Anyone have one of these? Just bought one off of ebay but havent heard much about it. Reg $260, new from ebay $159


also, what about the falcon bucco???


----------



## John_B_1 (Jan 28, 2011)

I have the reel and I love it as far as th rod I don't know I have a falcon ultra light rod it's pretty nice flexes all the way down to the handle


----------



## King Ding-A-Ling (May 28, 2010)

Thanks john. Upon reading other cutsomer reviews, i've noticed that most ppl are pleased with the reel as well. I always was a quantum fan but went on a shimano binge for the last 5 years.
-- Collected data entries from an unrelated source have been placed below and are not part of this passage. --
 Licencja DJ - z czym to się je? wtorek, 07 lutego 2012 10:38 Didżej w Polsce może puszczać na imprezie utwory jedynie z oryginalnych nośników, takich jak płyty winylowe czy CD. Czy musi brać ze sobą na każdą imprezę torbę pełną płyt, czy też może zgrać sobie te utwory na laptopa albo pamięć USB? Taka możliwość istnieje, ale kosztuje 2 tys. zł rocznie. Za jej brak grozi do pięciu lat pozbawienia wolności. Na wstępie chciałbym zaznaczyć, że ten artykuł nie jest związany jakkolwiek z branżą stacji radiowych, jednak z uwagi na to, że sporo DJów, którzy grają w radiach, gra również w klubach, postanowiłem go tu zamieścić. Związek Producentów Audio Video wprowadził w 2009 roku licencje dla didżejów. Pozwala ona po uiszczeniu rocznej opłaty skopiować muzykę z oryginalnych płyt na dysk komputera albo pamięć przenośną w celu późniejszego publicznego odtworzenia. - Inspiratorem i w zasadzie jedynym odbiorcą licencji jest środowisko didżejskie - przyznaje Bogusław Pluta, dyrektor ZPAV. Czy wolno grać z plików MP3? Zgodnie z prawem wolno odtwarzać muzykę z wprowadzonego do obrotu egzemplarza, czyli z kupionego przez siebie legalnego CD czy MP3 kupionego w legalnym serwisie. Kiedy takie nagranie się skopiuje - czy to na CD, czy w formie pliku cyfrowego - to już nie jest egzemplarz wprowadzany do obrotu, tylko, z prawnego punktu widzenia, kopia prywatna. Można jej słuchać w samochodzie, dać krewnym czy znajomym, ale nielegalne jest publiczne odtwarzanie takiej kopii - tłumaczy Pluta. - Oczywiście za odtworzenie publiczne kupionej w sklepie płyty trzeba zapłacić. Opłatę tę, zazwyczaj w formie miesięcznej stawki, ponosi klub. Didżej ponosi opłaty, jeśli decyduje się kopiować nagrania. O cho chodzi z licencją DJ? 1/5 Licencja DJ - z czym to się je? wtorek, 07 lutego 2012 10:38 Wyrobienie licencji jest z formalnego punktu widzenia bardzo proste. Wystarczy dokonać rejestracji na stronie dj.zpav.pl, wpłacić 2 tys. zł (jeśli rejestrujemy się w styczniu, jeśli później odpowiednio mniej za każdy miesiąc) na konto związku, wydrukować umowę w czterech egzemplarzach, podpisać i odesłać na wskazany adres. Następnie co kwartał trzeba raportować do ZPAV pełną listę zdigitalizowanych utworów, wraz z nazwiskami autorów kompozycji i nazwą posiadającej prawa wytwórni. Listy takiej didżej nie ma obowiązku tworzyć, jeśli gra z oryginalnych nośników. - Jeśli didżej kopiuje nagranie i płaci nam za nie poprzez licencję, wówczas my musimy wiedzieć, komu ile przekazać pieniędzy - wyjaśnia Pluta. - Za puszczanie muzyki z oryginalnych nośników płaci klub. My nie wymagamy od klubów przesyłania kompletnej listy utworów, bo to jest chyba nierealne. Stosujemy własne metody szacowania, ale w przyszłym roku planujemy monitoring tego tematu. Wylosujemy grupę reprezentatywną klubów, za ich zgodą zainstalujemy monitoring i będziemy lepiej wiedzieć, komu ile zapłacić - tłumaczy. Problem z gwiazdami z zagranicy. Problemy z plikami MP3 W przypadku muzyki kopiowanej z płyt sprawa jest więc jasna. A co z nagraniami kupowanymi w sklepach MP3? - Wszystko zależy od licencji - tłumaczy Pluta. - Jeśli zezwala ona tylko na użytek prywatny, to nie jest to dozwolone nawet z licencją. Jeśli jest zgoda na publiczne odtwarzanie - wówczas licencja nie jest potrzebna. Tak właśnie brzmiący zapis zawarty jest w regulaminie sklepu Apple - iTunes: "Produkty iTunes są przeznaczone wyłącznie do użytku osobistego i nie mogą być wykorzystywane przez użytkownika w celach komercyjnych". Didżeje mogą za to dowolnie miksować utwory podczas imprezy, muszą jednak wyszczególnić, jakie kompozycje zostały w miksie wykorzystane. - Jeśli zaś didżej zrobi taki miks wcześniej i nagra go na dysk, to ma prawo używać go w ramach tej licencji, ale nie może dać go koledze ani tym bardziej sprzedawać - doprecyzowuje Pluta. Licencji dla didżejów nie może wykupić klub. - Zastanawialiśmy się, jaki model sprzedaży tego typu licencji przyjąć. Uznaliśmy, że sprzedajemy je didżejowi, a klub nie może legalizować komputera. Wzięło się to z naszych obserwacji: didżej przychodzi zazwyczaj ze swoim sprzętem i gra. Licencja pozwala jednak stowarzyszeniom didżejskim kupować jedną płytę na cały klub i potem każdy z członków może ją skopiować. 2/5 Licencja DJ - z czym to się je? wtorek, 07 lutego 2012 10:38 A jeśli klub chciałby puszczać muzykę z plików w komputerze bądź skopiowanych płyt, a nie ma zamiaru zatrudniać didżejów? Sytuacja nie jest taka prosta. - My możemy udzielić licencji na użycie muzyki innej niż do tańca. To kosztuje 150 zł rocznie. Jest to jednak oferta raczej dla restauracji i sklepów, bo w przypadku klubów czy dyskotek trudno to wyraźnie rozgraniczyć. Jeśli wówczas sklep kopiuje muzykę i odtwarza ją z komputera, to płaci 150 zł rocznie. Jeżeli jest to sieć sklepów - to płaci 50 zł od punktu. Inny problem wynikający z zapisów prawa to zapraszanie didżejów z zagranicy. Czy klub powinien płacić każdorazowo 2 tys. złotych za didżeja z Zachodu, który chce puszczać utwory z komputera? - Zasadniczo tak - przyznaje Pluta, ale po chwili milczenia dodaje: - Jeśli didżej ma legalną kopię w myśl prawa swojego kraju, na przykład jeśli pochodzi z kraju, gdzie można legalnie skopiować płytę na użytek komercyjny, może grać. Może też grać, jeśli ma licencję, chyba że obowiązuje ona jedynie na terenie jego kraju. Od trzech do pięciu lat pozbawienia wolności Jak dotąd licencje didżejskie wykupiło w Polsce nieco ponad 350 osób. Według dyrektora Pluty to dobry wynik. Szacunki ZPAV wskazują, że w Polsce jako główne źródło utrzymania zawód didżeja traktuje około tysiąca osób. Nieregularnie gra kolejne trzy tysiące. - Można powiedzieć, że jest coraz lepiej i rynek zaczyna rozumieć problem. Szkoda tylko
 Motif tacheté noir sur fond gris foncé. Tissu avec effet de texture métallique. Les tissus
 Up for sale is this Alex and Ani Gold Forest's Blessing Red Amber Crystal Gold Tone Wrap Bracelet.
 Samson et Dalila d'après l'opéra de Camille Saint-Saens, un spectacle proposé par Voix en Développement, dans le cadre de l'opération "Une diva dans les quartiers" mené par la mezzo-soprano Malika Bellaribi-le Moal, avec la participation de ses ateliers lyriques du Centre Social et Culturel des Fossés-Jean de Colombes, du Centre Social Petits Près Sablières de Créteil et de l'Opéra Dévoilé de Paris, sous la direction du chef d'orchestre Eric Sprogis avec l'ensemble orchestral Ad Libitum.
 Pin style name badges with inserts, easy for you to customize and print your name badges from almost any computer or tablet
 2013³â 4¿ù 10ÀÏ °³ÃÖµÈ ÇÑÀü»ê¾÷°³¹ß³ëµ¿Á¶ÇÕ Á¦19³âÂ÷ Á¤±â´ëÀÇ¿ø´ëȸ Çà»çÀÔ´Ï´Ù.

Shimano seems to keep going up on their price and down on their quality so il see what quantum is working with nowa days.


----------



## quackills05 (Apr 29, 2011)

Falcon bucoo is one the best rods if not the best rod in that price range. Sensitive,light, made in USA. You can't go wrong period with that rod and reel combo. All I want to know is who u got reel from on eBay. I need one.


----------



## King Ding-A-Ling (May 28, 2010)

quackills05 said:


> Falcon bucoo is one the best rods if not the best rod in that price range. Sensitive,light, made in USA. You can't go wrong period with that rod and reel combo. All I want to know is who u got reel from on eBay. I need one.


here ya go.....

http://www.ebay.com/itm/Quantum-PT-...089?pt=LH_DefaultDomain_0&hash=item1c232f17a1


----------